Interpreting Deep Policies via Critical States

ABOUT THE PROJECT

At a glance

Teaching a robot or agent to perform difficult tasks often involves learning complex policies, that are essentially black boxes. This makes it difficult for humans, including robot designers, to interpret what high-level features these policies reason about and how they make decisions.

Making it easier to understand and interpret policies would enable researchers and end-users to better predict how the policy will generalize well to novel states, not seen in training. This understanding is necessary for researchers to determine whether to deploy a policy and assists them in debugging it, if necessary. It also enables end-users to decide whether to trust the robot.

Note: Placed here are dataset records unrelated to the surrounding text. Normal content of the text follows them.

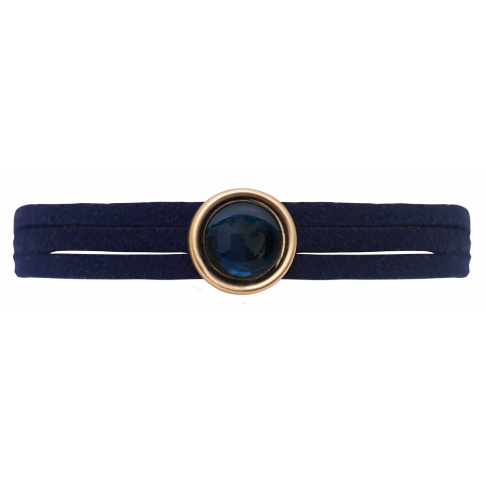 Mörkblå mocka, matt 14 karat guldplätering och en blå resinsten, diameter 12 mm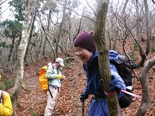 さらに高度を上げていくと道が緩やかになり、見事なブナ林となった。深く掘れこんだ山道には落ち葉が溜まり、絨緞を敷き詰められていた。ブナの木がバックの空のブルーにひときわ映えた。すがすがしいブナ林の越しの青空に僅かながら天気回復を願った。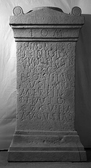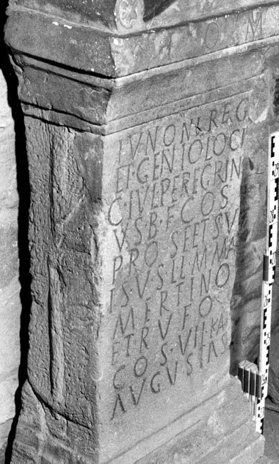 - [I(ovi) O(ptimo) M(aximo)] / Iunoni R[eg(inae)] / et Genio loc[i] / C(aius) Iul(ius) Peregr[in]/us b(ene)f(iciarius) co(n)[s(ularis)] / pro se et s[u]/is v(otum) s(olvit) l(ibens) l(aetus) m(erito) M[a]/mertin[o] / et Rufo / co(n)s(ulibus) VII Ka[l(endas)] / Augustas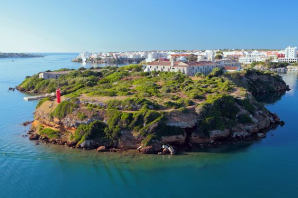 Balearic Island with city on it, surrounded by water.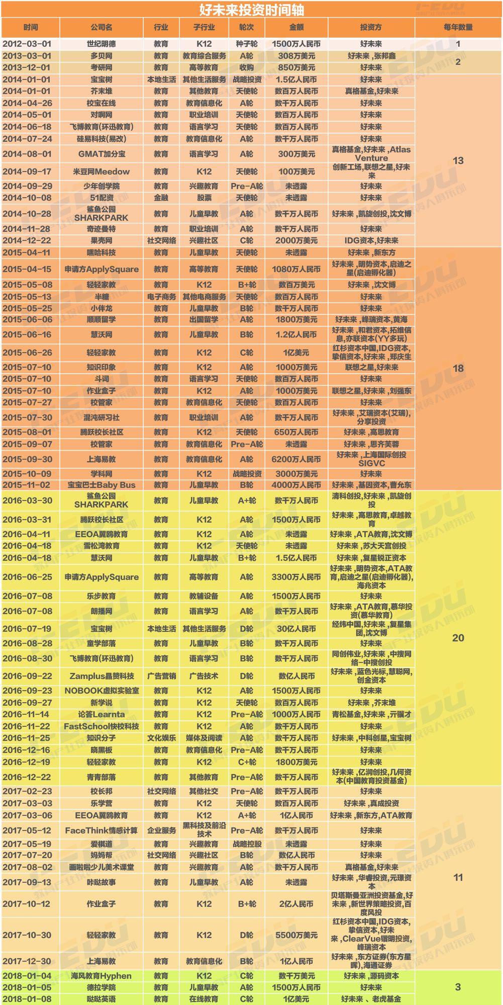 从年份上看,2016年好未来投资了20家企业,平均一个月一家半的节奏,脚步确实不慢。但是,其中7家是重复之前投过的标的。好未来所有投资案例中,反复投资的一共有11家公司,而在2016-2017年,新标的减少,注重投后管理和反复投资成为了新的特征,其中好未来对轻轻家教更是3年投了4次,从B+一直追到D轮,可见对其情有独钟。

Building understanding of black-box policies is thus a pressing open problem. We propose exposing observers to what the policy has learned, by showing examples of how it behaves in a variety of situations. A naive approach is to show the human how the robot acts in every possible state, but this is time-consuming, and infeasible for high-dimensional state spaces.

Our insight is that not all states are important. In other words, there are many states in which the outcome of the task is similar, regardless of which action the robot takes locally. But then there are a few states—critical states—where it really matters which action the robot takes. If the robot were to show us how it acts in these critical states, we would gain a better appreciation of the policy, and, if we agree with these actions, we would be more willing to deploy the robot.

We arrive at this insight by taking an algorithmic teaching [1] approach: the learner (a researcher or end-user) has an estimate of the robot’s policy, which she updates based on examples from the robot. The teacher (the robot) strives to provide examples that increase the person’s estimate of its performance. Our preliminary work suggests that the optimal teaching strategy is to show diverse critical states of the robot’s policy.